To say this another way, this bill in our opinion would offer very little help to those who need it most.

Although our nursing homes would perhaps stand to profit as much or more than any other group from a program such as this bill proposes, we would prefer to see a further exploration and the further expansion of medical benefits through privately administered programs and through the cooperation of State and local governments. Hence, we advise deletion of any section of the bill which provides free hospitalization and medical care under the Social Security Act unless restricted specifically to benefits for the medically indigent.

Before going into a broad Federal program for all of the aged or for that matter any other broad segment of the population, we are hopeful that free enterprise will be given an opportunity to further experiment with some of the new and exciting methods of financing medical care.

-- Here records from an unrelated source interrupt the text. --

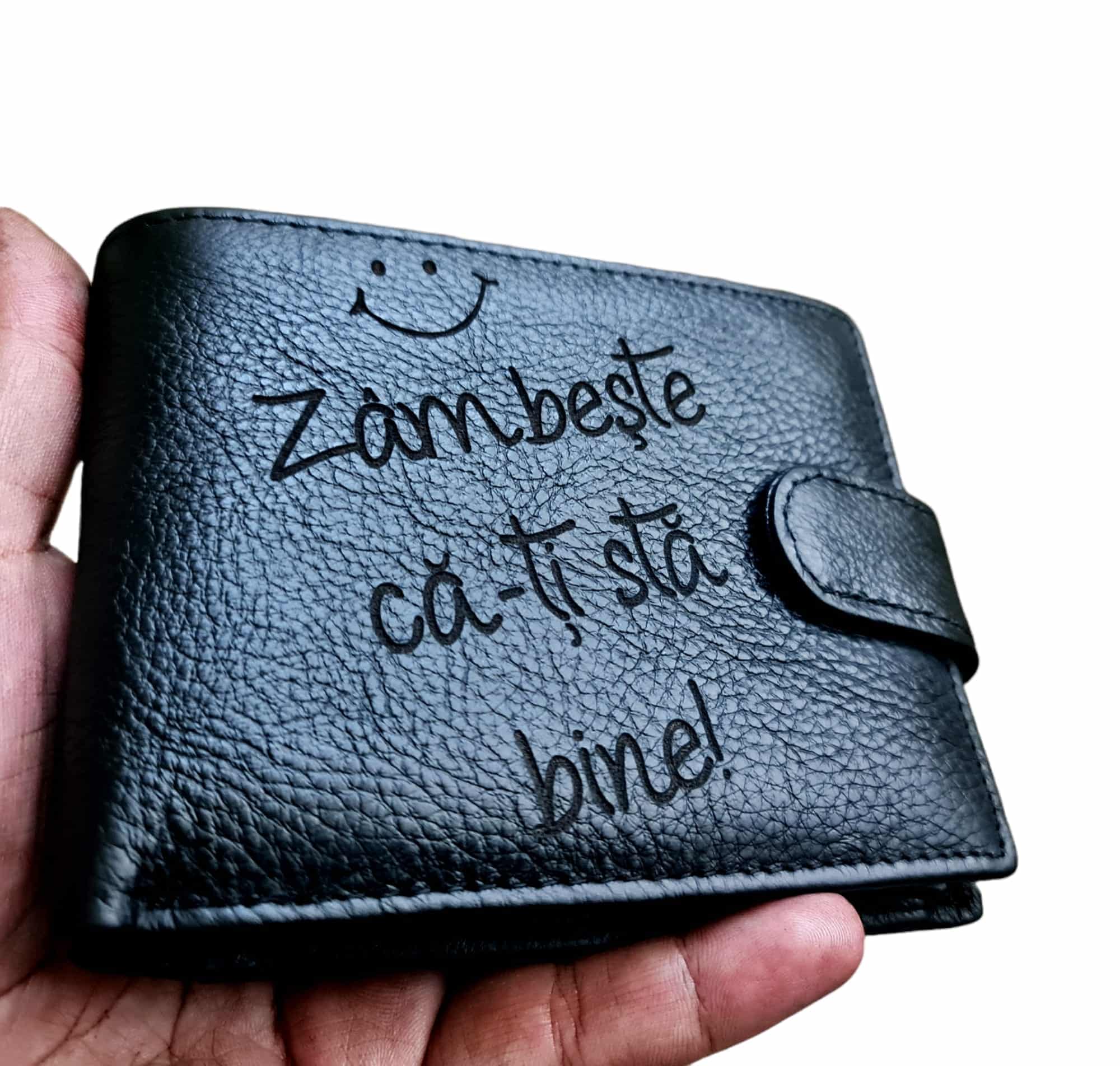 Portofel Personalizat ‘Zambeste ca-ti sta bine’, barbati, piele naturala, negru
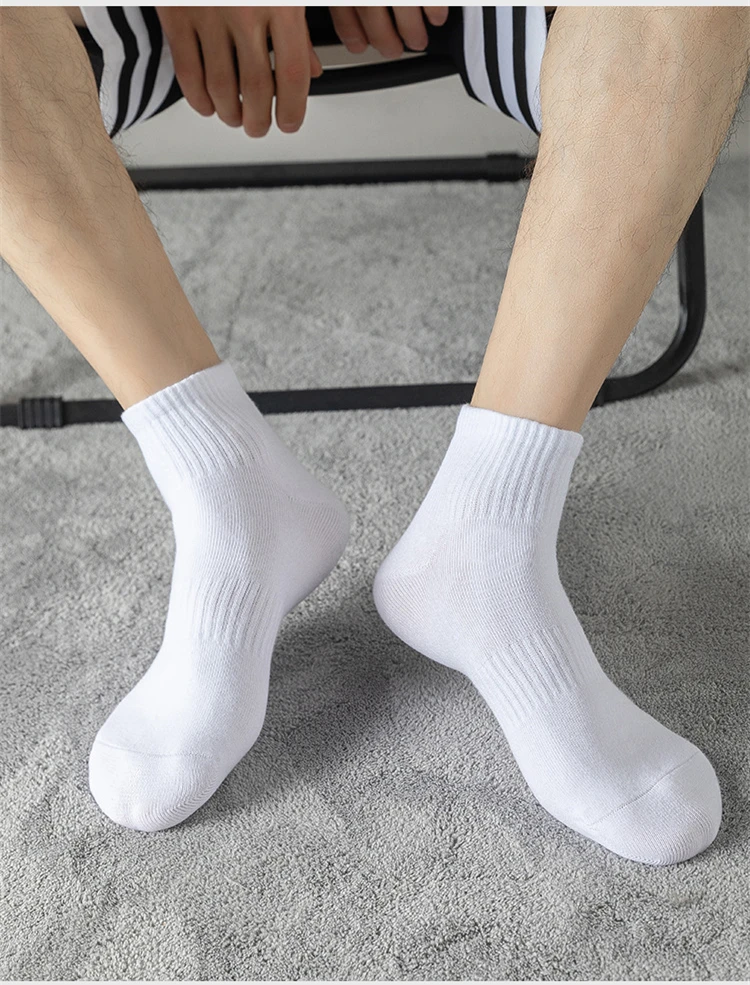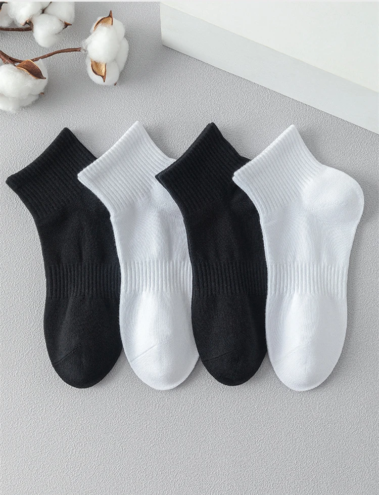 5 Pairs/lot 100% Cotton Men's Socks Spring Autumn Black White Absorption Women's Boat Socks Anti-Odor Breathable Sports Socks
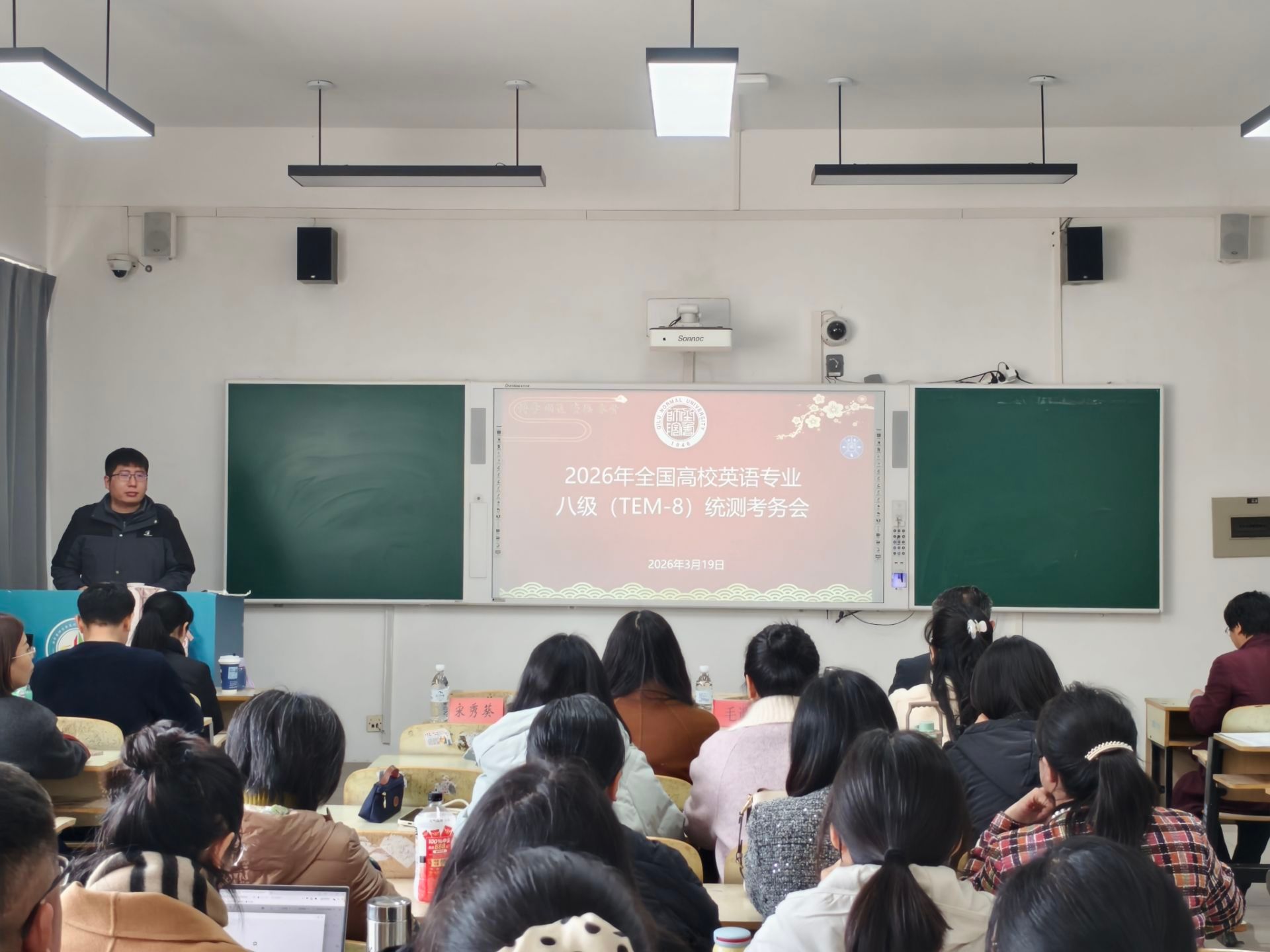 学校高度重视本次考试工作,专门成立考试工作领导小组,由教务处和外国语学院具体负责考试组织相关事项。为规范考试管理,保障考试顺利进行,外国语学院于3月19日下午召开了考务工作培训会议,对考风考纪、考务组织、安全保卫、后勤保障等工作进行严格要求和详细部署,并详细讲解考务工作的操作规程和要点,明确了本次英语专业八级考试的重要时间节点和突发事件的处理办法,确保每个环节都落到实处。
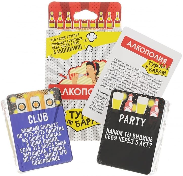 «Алкополия. Тур по барам» - это простая и непринужденная игра для веселой взрослой компании, которые решили скоротать время за рюмкой чая. Хватит пить просто так, давайте это делать со смыслом!

Recently several large national insurance companies have written health insurance policies covering persons over 65 years of age which for the first time reimburses them for their expenses incurred for medical care in nursing homes as well as in other medical care facilities.

Mr. Chairman and members of the committee, to summarize our views as expressed in this statement we would like to state that our association supports the principle of increasing Federal participation in providing funds for medical care through a percentage ratio of participation on the part of the State governments.